Boeing announced its third-quarter earnings were subpar, due to a continued machinists' union strike that has suspended production and forced the company to implement cost-cutting measures. The aerospace giant reported a net loss of $6.17 billion, higher than the estimated loss of $5.49 billion predicted by analysts. Its third-quarter revenue, totaling $17.84 billion, also fell short of the expected $18.12 billion and last year's $18.10 billion.
Boeing's CEO, Kelly Ortberg, voiced the firm's determination to return to its former standing. ""It will take time to return Boeing to its former legacy, but with the right focus and culture, we can be an iconic company and aerospace leader once again," stated Ortberg. In the face of economic pressure, Boeing is concentrating on shifting its organizational culture, stabilizing business operations, and sharpening execution efficiency.

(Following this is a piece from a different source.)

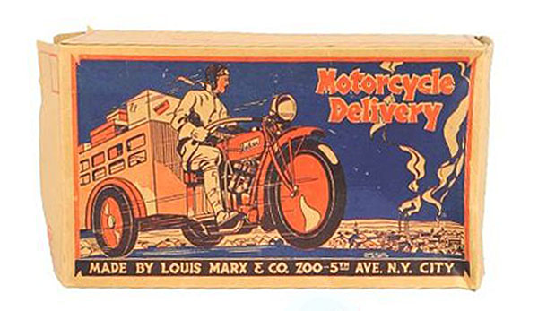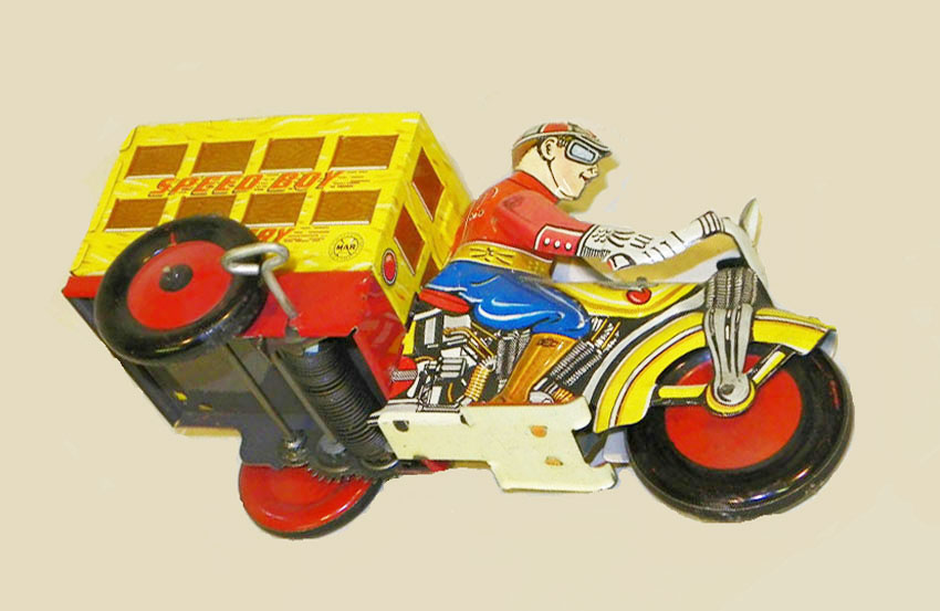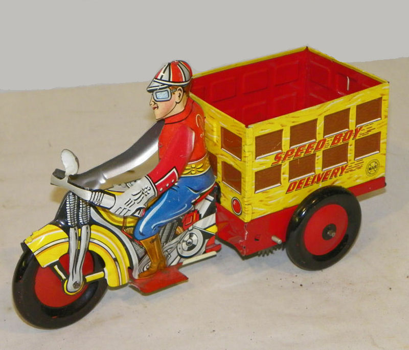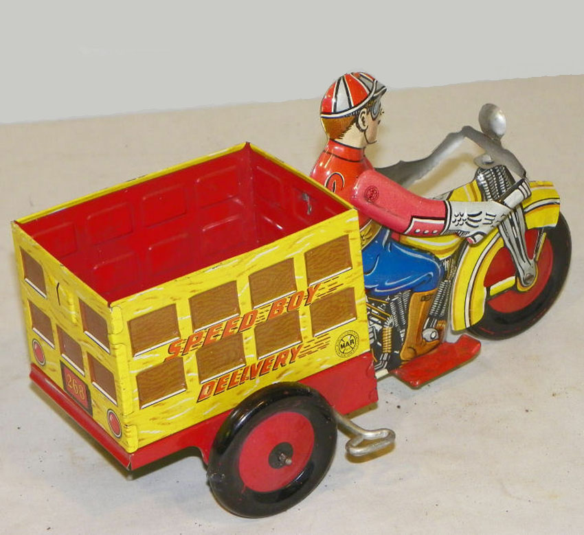 Marx Speed Boy Motorcycle Delivery Cart, Windup, Tin Litho., 1930’s. The toy has a bright litho engine and a large bin on the back. The boy is colored a bright litho. red/blue. On the side of the cycle is marked Speed Boy 4 and the bin is marked Speed Boy Delivery.

Over the past weekend, Boeing confirmed a preliminary agreement with the union, and they are planning to vote on ratification of the new contract. Boeing's stock fell by around 1% post the release of its Q3 results and could fluctuate following the outcome of the union vote.

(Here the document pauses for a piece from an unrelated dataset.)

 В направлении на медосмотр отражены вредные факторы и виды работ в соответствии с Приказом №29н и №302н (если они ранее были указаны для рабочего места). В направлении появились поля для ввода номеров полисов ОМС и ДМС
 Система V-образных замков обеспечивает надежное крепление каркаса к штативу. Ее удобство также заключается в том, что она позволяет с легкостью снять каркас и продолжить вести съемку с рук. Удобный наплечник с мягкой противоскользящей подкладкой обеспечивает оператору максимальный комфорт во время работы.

Previously, Boeing revealed several austerity moves, along with other efforts to bolster its finances. This includes selling a potential $25 billion in debt or stock, and striking a deal with banks for a $10 billion credit line. The ongoing machinists' strike is an estimated drain of $1.3 billion per month on the company's finances, according to Jefferies analysts.
A tumultuous year for Boeing has witnessed safety incidents, investigations by regulators and law enforcement, a CEO transition, and lackluster quarterly results, all collectively impacting the company's stock.